Skip the pictures. Transcribe exactly the lines from the line containing "Multi-Angle Adjustable: Directly" to the end of the listing.

━━━━━ Provided data ━━━━━

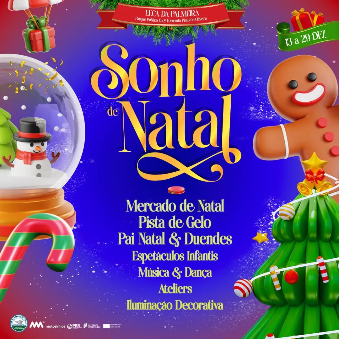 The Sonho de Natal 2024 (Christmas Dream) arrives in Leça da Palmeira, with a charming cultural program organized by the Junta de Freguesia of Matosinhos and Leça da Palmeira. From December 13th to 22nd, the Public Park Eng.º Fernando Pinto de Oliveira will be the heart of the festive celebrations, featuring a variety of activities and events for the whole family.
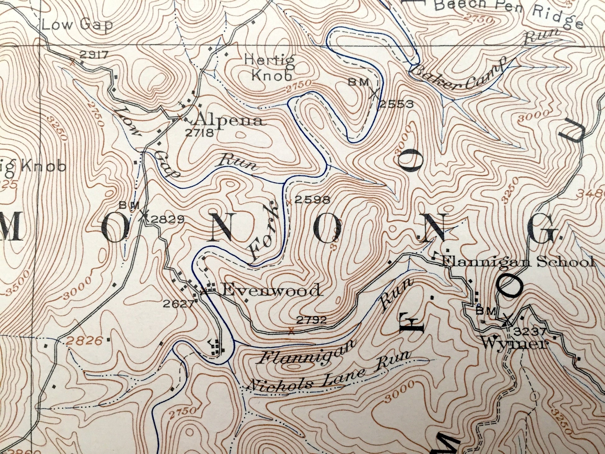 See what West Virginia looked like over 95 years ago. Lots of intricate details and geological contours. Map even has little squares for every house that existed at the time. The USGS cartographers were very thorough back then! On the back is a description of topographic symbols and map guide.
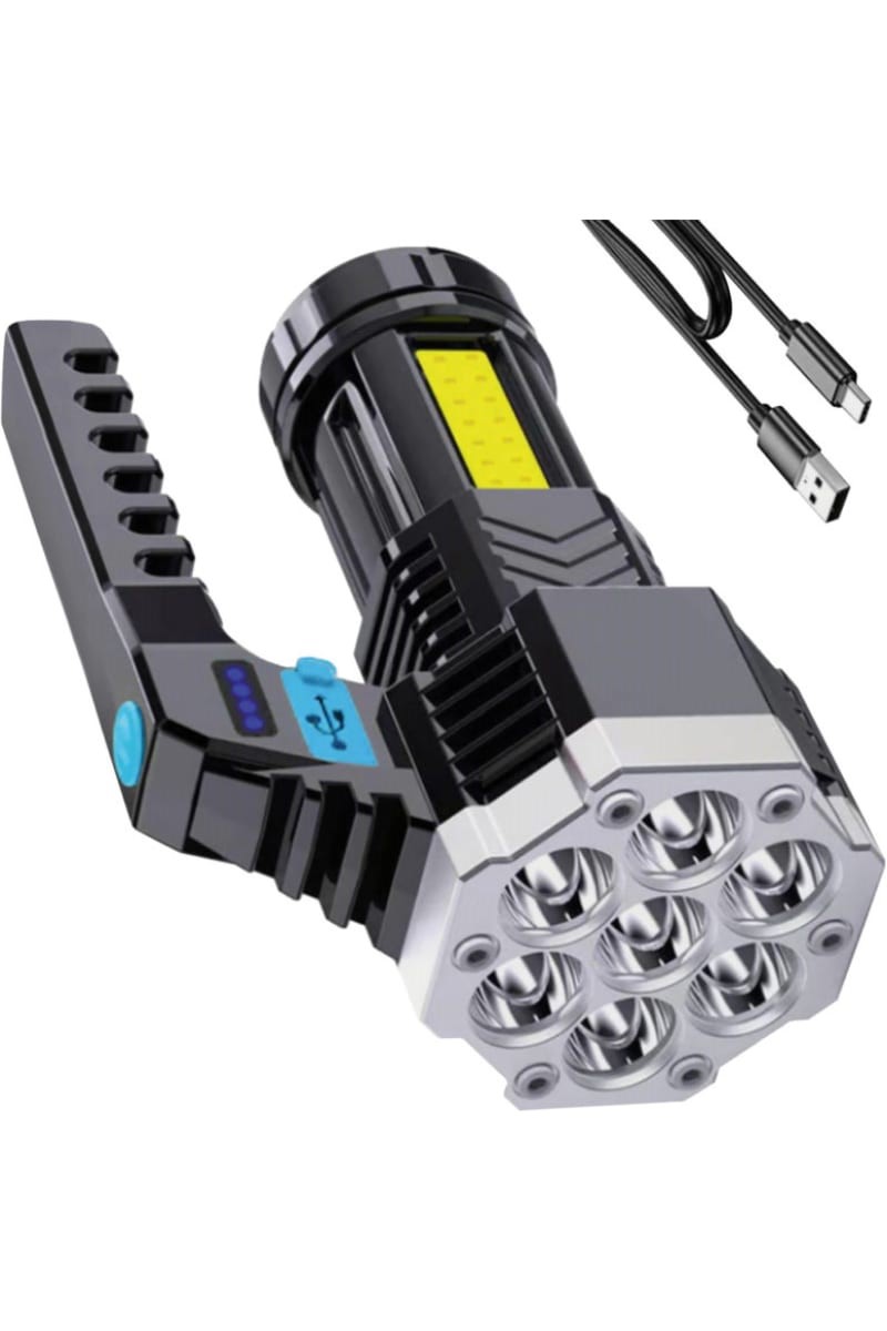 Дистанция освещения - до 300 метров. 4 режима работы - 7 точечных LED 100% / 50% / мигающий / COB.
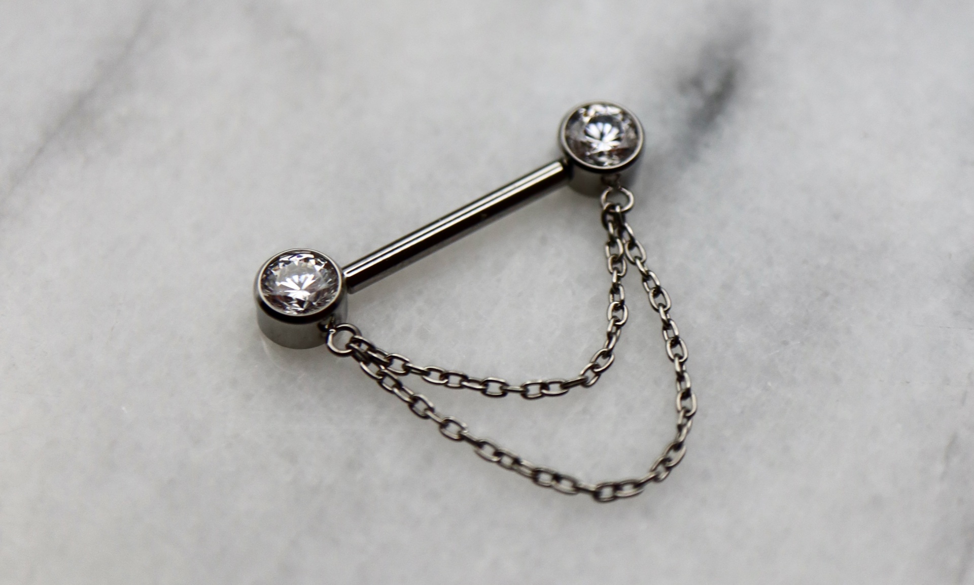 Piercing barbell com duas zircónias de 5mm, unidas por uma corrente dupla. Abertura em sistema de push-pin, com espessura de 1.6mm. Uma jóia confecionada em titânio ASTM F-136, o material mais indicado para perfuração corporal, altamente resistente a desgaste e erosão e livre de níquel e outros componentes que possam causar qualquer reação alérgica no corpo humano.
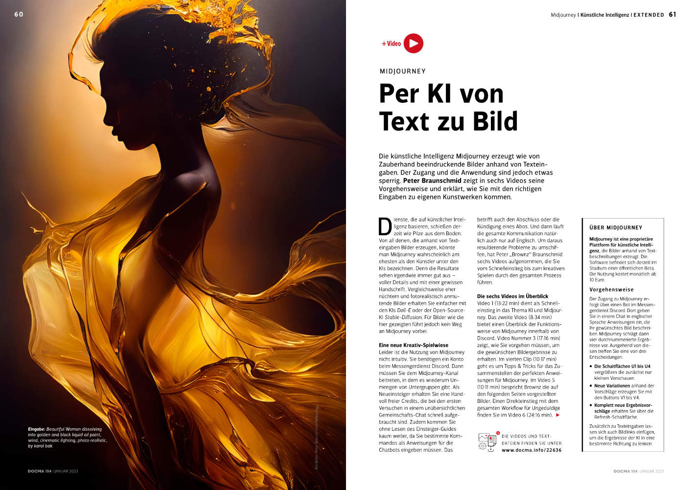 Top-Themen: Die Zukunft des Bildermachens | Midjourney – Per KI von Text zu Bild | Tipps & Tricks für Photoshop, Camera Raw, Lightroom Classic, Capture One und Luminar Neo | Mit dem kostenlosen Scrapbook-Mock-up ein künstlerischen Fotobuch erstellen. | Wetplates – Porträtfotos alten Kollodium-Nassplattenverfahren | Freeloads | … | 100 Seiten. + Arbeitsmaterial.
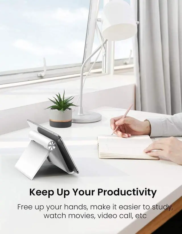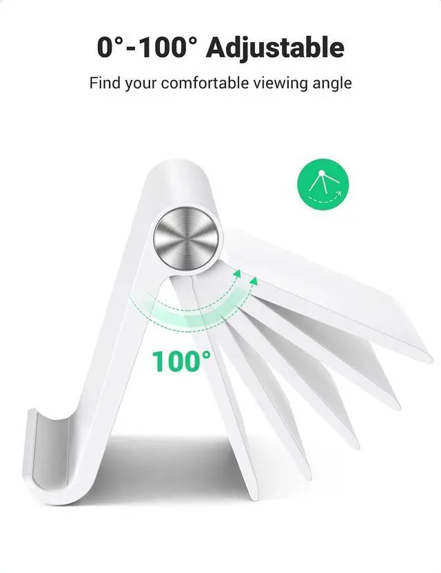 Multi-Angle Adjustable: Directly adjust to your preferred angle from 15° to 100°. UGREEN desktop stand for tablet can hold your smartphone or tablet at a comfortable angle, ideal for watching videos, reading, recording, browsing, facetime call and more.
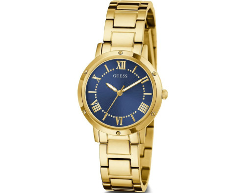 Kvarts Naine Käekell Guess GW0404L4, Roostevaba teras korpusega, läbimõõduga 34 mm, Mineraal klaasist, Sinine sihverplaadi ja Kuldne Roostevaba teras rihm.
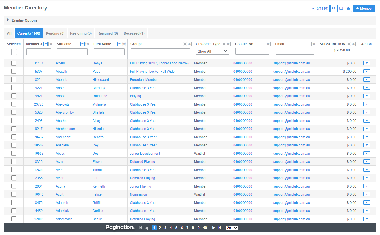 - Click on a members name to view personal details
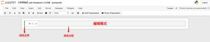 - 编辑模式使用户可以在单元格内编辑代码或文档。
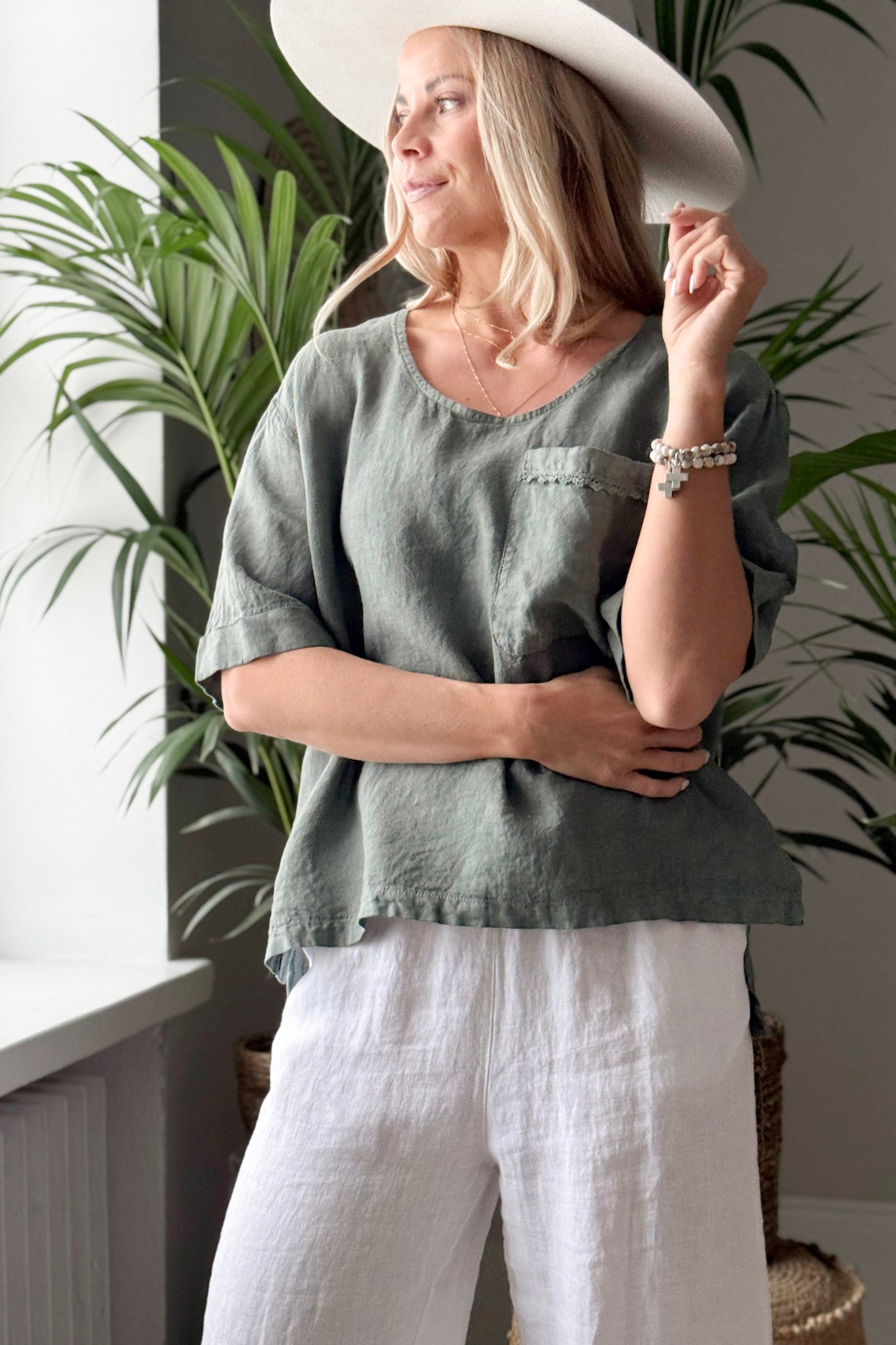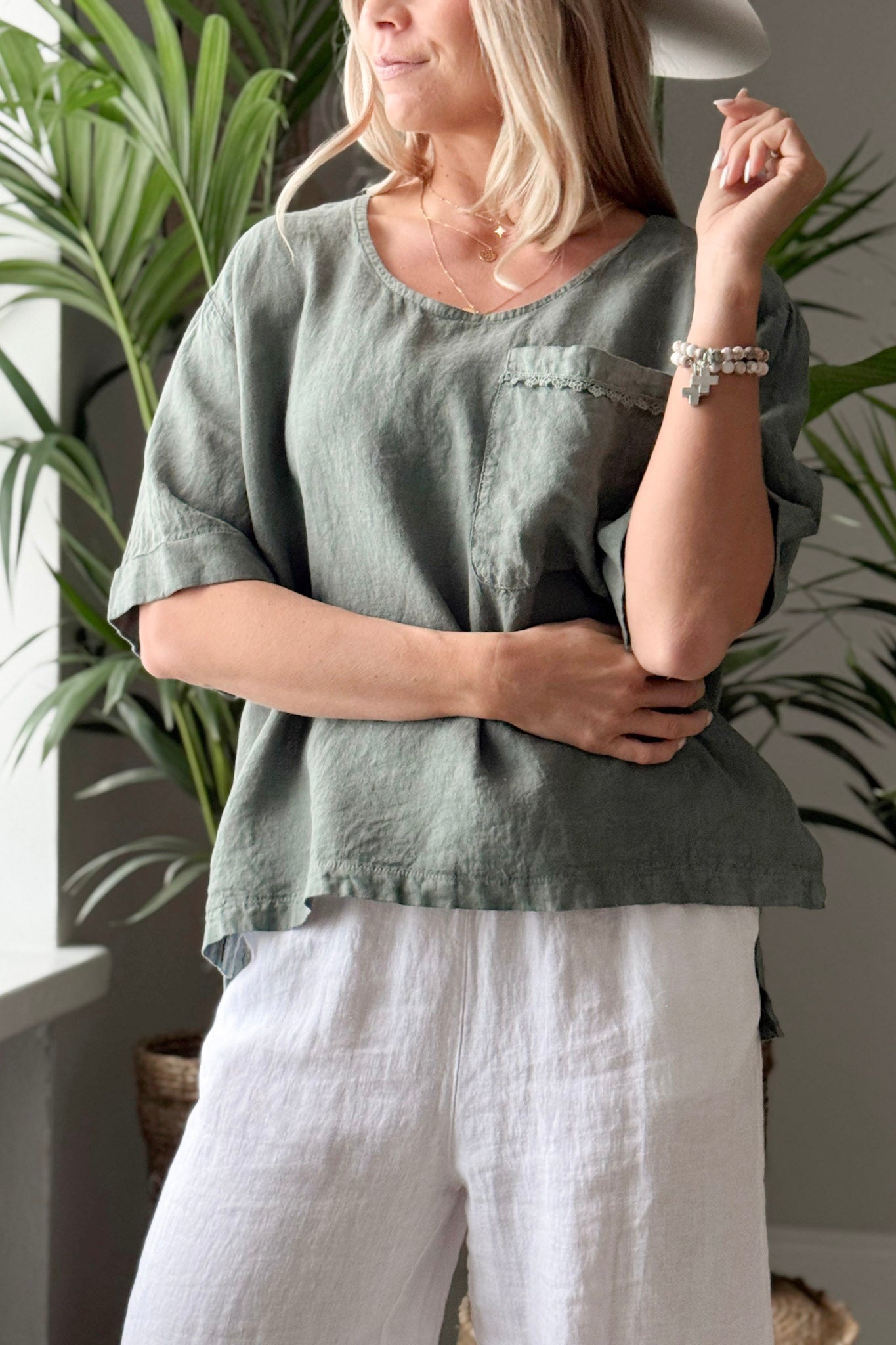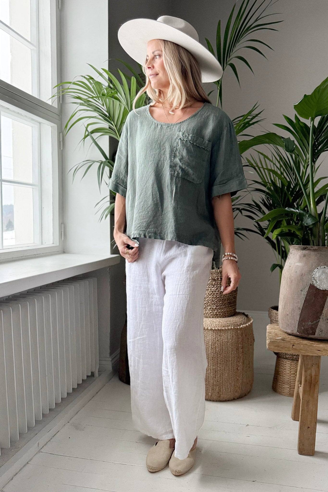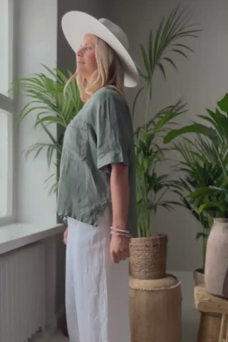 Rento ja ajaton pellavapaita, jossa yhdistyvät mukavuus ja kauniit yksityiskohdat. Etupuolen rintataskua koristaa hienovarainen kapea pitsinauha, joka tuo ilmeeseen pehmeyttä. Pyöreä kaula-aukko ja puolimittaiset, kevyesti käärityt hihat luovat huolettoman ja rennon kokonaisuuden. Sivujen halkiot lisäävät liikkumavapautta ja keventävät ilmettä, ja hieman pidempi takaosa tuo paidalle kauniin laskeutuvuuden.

━━━━━

== Your response ==
 Multi-Angle Adjustable: Directly adjust to your preferred angle from 15° to 100°. UGREEN desktop stand for tablet can hold your smartphone or tablet at a comfortable angle, ideal for watching videos, reading, recording, browsing, facetime call and more.
 Kvarts Naine Käekell Guess GW0404L4, Roostevaba teras korpusega, läbimõõduga 34 mm, Mineraal klaasist, Sinine sihverplaadi ja Kuldne Roostevaba teras rihm.
 - Click on a members name to view personal details
 - 编辑模式使用户可以在单元格内编辑代码或文档。
 Rento ja ajaton pellavapaita, jossa yhdistyvät mukavuus ja kauniit yksityiskohdat. Etupuolen rintataskua koristaa hienovarainen kapea pitsinauha, joka tuo ilmeeseen pehmeyttä. Pyöreä kaula-aukko ja puolimittaiset, kevyesti käärityt hihat luovat huolettoman ja rennon kokonaisuuden. Sivujen halkiot lisäävät liikkumavapautta ja keventävät ilmettä, ja hieman pidempi takaosa tuo paidalle kauniin laskeutuvuuden.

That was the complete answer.